How to Detect and Fix Squid Proxy Abuse

Running an open HTTP proxy on the internet, even temporarily for testing, can quickly attract unwanted attention. Within minutes of deploying an unsecured Squid proxy, malicious actors can discover and abuse it for scanning, attacks, or hiding their origin. Here’s how to spot the warning signs and lock down your proxy.

Symptoms of Proxy Abuse

1. Proxy Stops Working

The most obvious symptom is that your proxy simply stops responding to legitimate requests. Connections timeout or hang indefinitely, even though the Squid service appears to be running.

2. Cache File Descriptor Warnings

When checking the Squid service status, you see repeated warnings like:

WARNING: Your cache is running out of file descriptors

This occurs because the proxy is handling far more concurrent connections than expected for a small test server.

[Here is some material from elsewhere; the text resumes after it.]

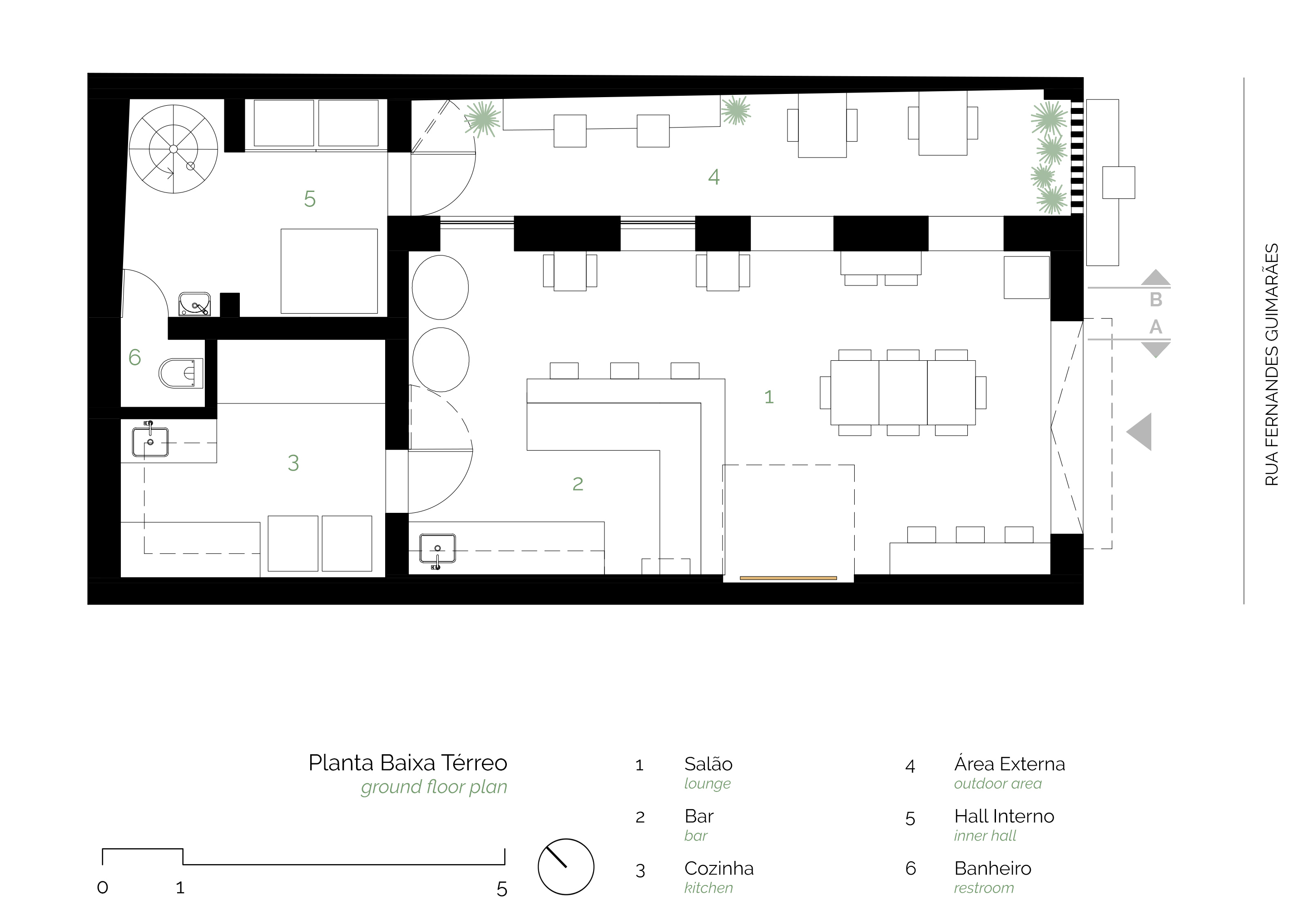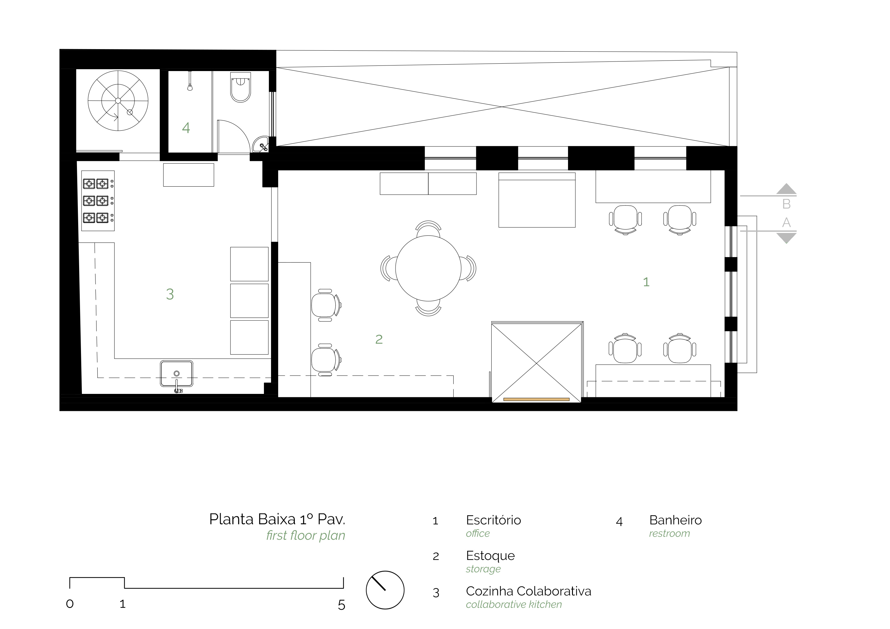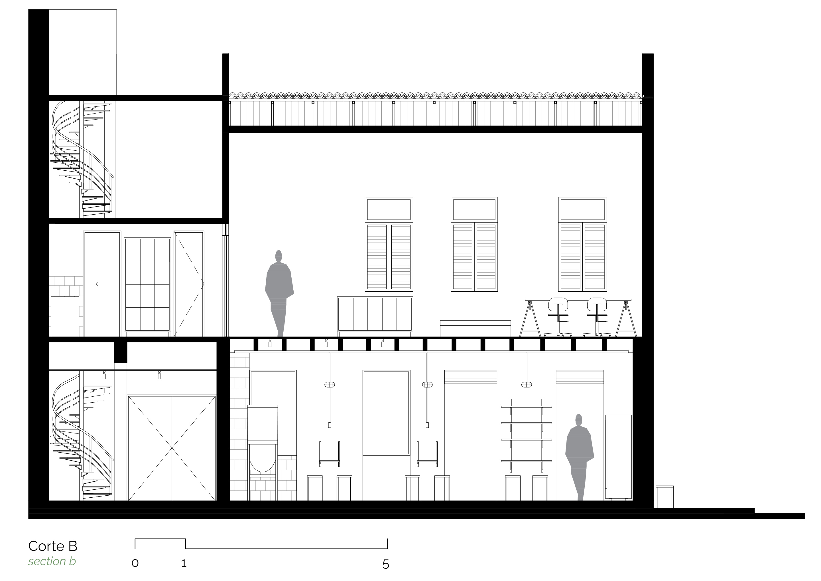 O sobrado possui três pavimentos, que somam 140m², e teve seu programa distribuído da seguinte forma: no térreo, o atendimento ao público, com salão e bar; no primeiro pavimento, as atividades mais privadas, como a cozinha colaborativa, o estoque/logística e os escritórios; e por fim, no segundo pavimento, a micro-cervejaria artesanal.

3. Service Shows Active But Unresponsive

The systemd status shows Squid as “active (running)” with normal startup messages, but actual proxy requests fail:

bash

$ sudo systemctl status squid
● squid.service - Squid Web Proxy Server
Active: active (running)

Yet when you try to use it:

bash

$ curl -x http://your-proxy:8888 https://example.com
curl: (28) Failed to connect to example.com port 443 after 21060ms

4. High Memory or CPU Usage

A small EC2 instance (t2.micro or t3.micro) that should be mostly idle shows elevated resource consumption.

How to Verify Proxy Abuse

Check the Access Logs

The quickest way to confirm abuse is to examine the Squid access log:

bash

sudo tail -100 /var/log/squid/access.log

What to look for:

A healthy proxy used only by you should show:

  • One or two source IP addresses (yours)
  • Requests to legitimate domains
  • Occasional HTTPS CONNECT requests

An abused proxy will show:

  • Dozens of different source IP addresses
  • CONNECT requests to random IP addresses (not domain names)
  • Strange ports: SSH (22), Telnet (23), email ports (25, 587, 993, 110), random high ports
  • High frequency of requests

Example of Abuse

Here’s what an abused proxy log looks like:

1770200370.089 59842 172.234.115.25 TCP_TUNNEL/503 0 CONNECT 188.64.128.123:22
1770200370.089 59842 51.83.10.33 TCP_TUNNEL/503 0 CONNECT 188.64.132.53:443
1770200370.089 59841 172.234.115.25 TCP_TUNNEL/503 0 CONNECT 188.64.128.4:22
1770200370.089 59332 185.90.61.84 TCP_TUNNEL/503 0 CONNECT 188.64.129.251:8000
1770200370.089 214 91.202.74.22 TCP_TUNNEL/503 0 CONNECT 188.64.129.143:23
1770200370.191 579 51.83.10.33 TCP_TUNNEL/200 39 CONNECT 188.64.128.4:8021
1770200370.235 11227 51.83.10.33 TCP_TUNNEL/200 176 CONNECT 188.64.131.66:587

Notice:

  • Multiple unique source IPs
  • Connections to SSH (port 22), Telnet (port 23), SMTP (port 587)
  • Targets are raw IP addresses, not domain names
  • Hundreds of requests per minute

This is classic behavior of attackers using your proxy to scan the internet for vulnerable services.

Count Unique IPs

To see how many different IPs are using your proxy:

bash

sudo awk '{print $3}' /var/log/squid/access.log | sort | uniq -c | sort -rn | head -20

If you see more than a handful of IPs (especially if you’re the only legitimate user), your proxy is being abused.

Check Current Connections

See active connections to your proxy port:

bash

sudo netstat -tn | grep :8888

A legitimate test proxy should have 0-2 active connections. Dozens of connections indicate abuse.

How to Fix It Immediately

1. Lock Down the AWS Security Group

The fastest fix is to restrict access at the network level:

Via AWS Console:

  1. Navigate to EC2 → Security Groups
  2. Select the security group attached to your proxy instance
  3. Click “Edit inbound rules”
  4. Find the rule for your proxy port (e.g., 8888)
  5. Change Source from 0.0.0.0/0 to “My IP”
    • AWS will auto-detect and fill in your current public IP
  6. Click “Save rules”

The change takes effect immediately – no restart required.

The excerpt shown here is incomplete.